“I love you,
you love me, we're a happy family!”
Atilla the Hun*
Well not much
happened today besides the usual writing though I also am
brainstorming a little flash fiction series. It's going to run an
entire week. (Mon-Fri) Every single story will be independent of
itself and pretty standalone but will all merge into a series. Kinda
like a TV show. It'll be done so you could actually read like the
third one alone and still enjoy it. But the best would be to read
them all in order. Once I do it I'll go back to my completely
different story each day. I'm quite excited with what I've come up
with so far. Oh, regarding the Mon-Fri I know many of you are not
American like me(since this is the great magnificent world-wide
Internet of awesomeness) so yeah adjust to your timezones I guess!
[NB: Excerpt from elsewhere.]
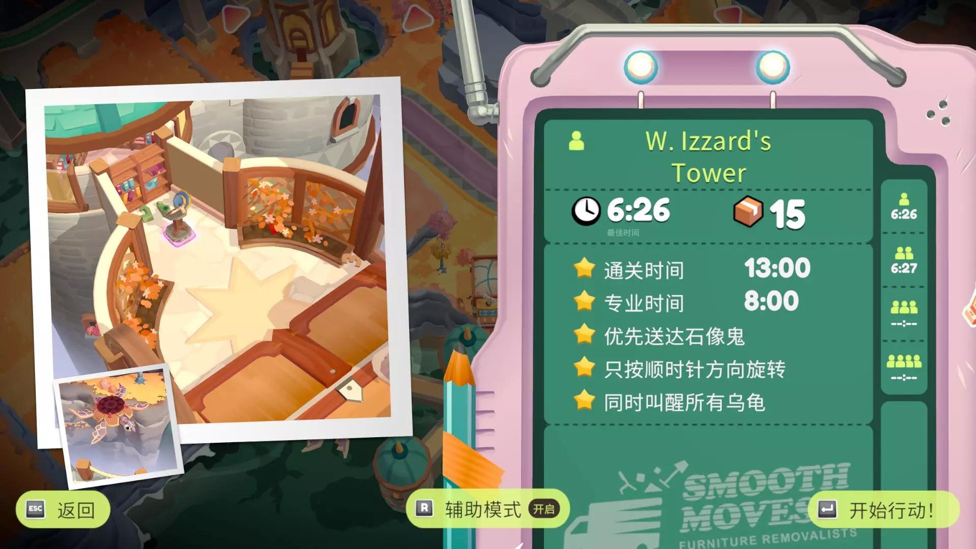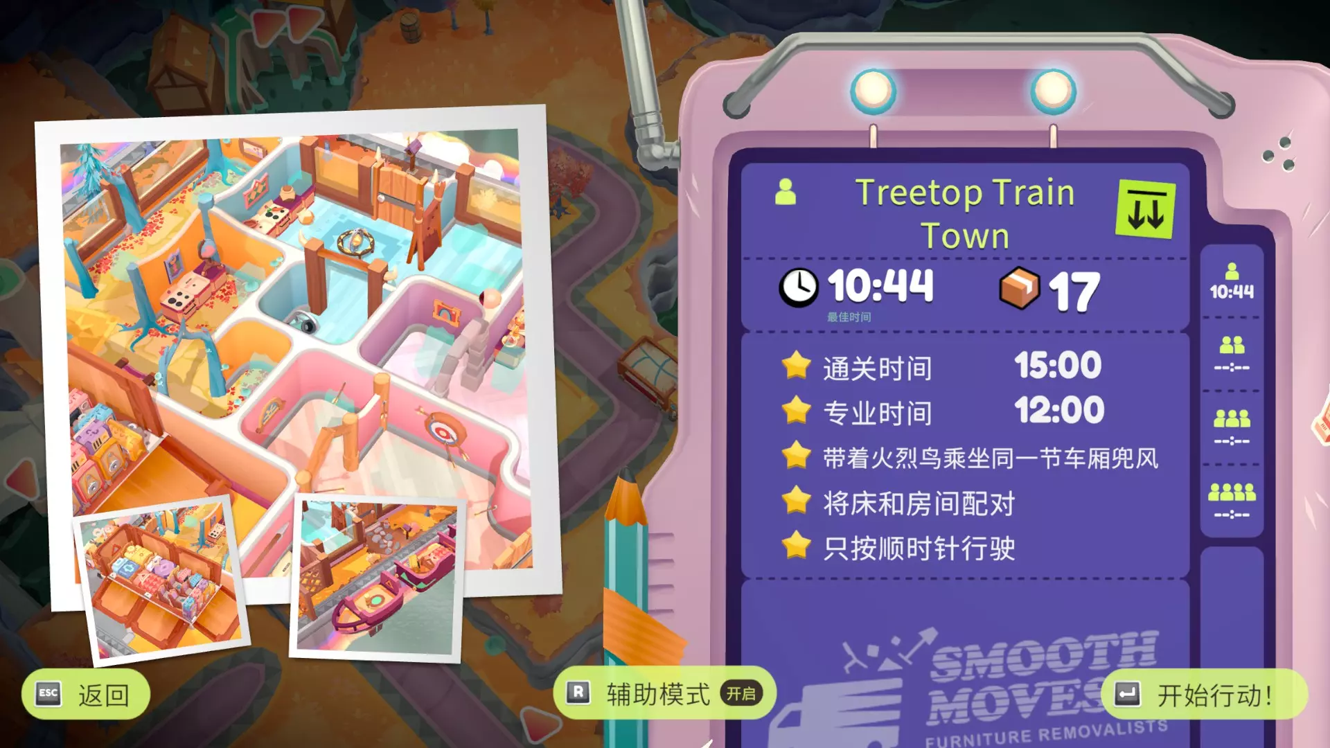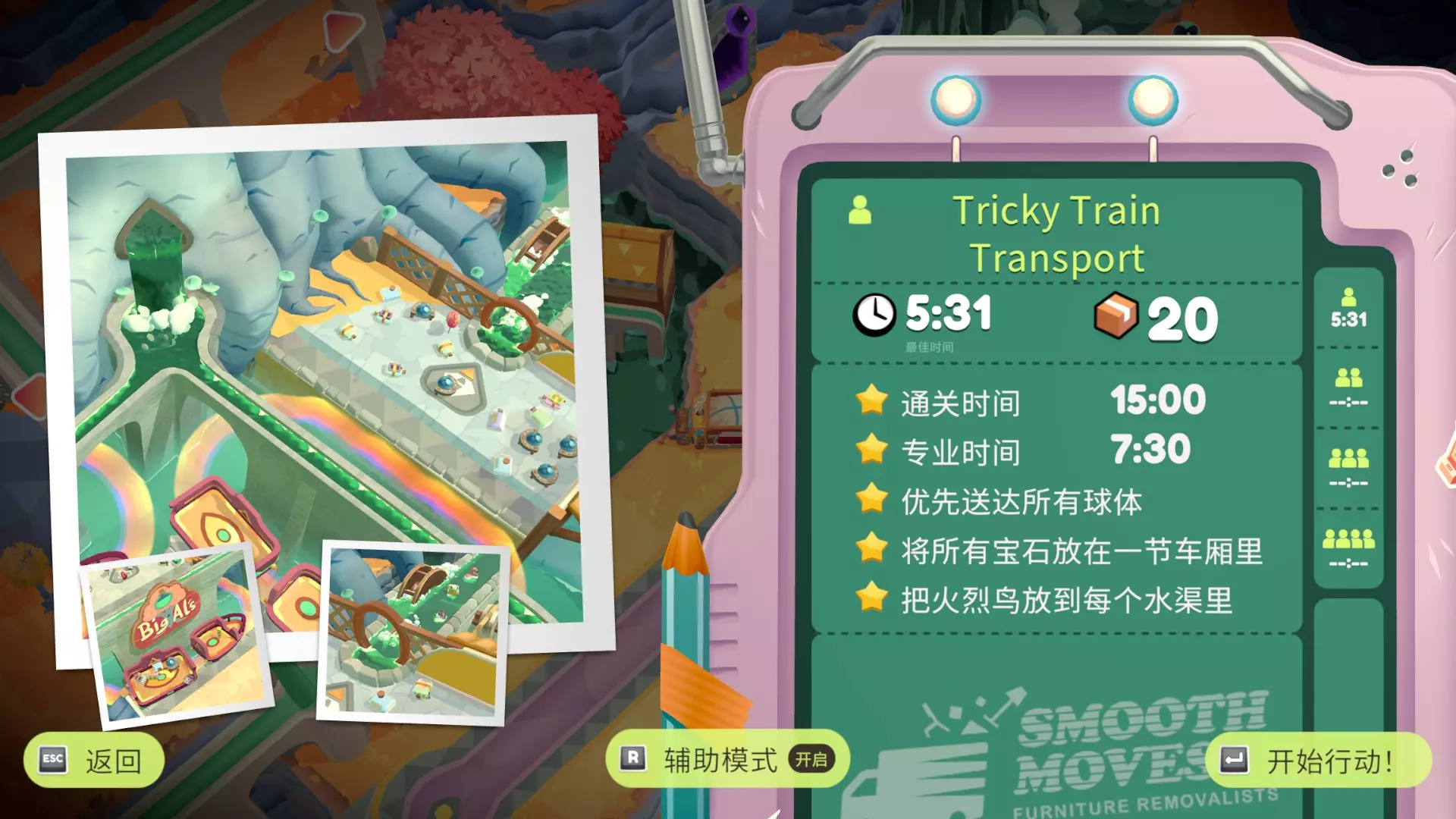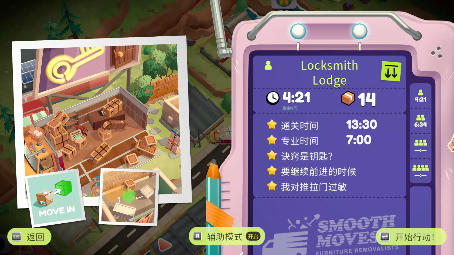 单人参考:由于每个门只能走一次,建议善用提示检查家具是否已搬空。从正方形门前往17平台,将家具全部运到8,可投掷的物品都扔到1,易碎品直接扔上车。跳到7,把家具扔到1,再从三角形门到18,将家具一路向下运送,路线为18→13→9→5→2→1,人留在2。从十字门到19,把家具运到15,人可选择跳到20(不跳也可以),之后人和家具前往15→10,家具送到6,人跳到11,踩11的梯子上16,接着人和家具经11→7(家具可直接扔到1)→3→1。从星星门到20→10(若之前没去20,这里记得运送家具),人和家具从10→6→2→1。从甲虫门到15→10,从月亮门到21,把家具扔到1,从黑桃门到13→1,最后装车离开。进入第二个传送门时,注意不要触底。橙色菱形→红心或红心→橙色菱形的路线均可选择。在35秒内通过所有传送门。我用了不同的方式来描述我的参考路线,都是同一条,请选择便于您理解的那一版: ①门+平台编号:正方形(1)→17→盾(12)→十字(2)→15→10→11→三角形(7)→13→菱形(9)→菱形(1)→红心(14)→星星(1)→甲虫(15)→甲虫(1)→月亮(10)→黑桃(21)→结束 ②门→方向+动作:正方形→浮空平台→左下→盾→下→十字→右下→下→右跳→右下→三角形→下→下→菱形→菱形→红心→下→星星→下→甲虫→甲虫→下→月亮→黑桃→结束 ③星标是起点

Anyway I do hope I have it ready in time for next week. Anyway onto
today's flash fiction!
The Man From
Harrington Street
You know those
movie plots where the main character gets amnesia and nobody can
identify them? Conveniently they can't find their fingerprints in
the system. No DNA records either. No ID. Nobody can identify them.
Even on the news! Well that happened to me. They nicknamed me
Harrington based on the street they found me near.
But there is
one terrible difference for me. I didn't completely have amnesia. I
was left with one memory. One terrible memory. It wasn't scary in of
itself. It was a party. A wedding party. My wedding party. The bride
was beautiful. I remember all the faces perfectly. With the help of
the police we were able to sketch all the faces I remember. They
couldn't identify any of those people either. They eventually said
that being unable to identify me was understandable. But all those
people at the party it must have been some dream I had when I had the
trauma of whatever caused my amnesia. I did have a massive head
injury. It may have been a massive accident.
It just felt so
real. So now I had a life I knew must have been real, lost forever.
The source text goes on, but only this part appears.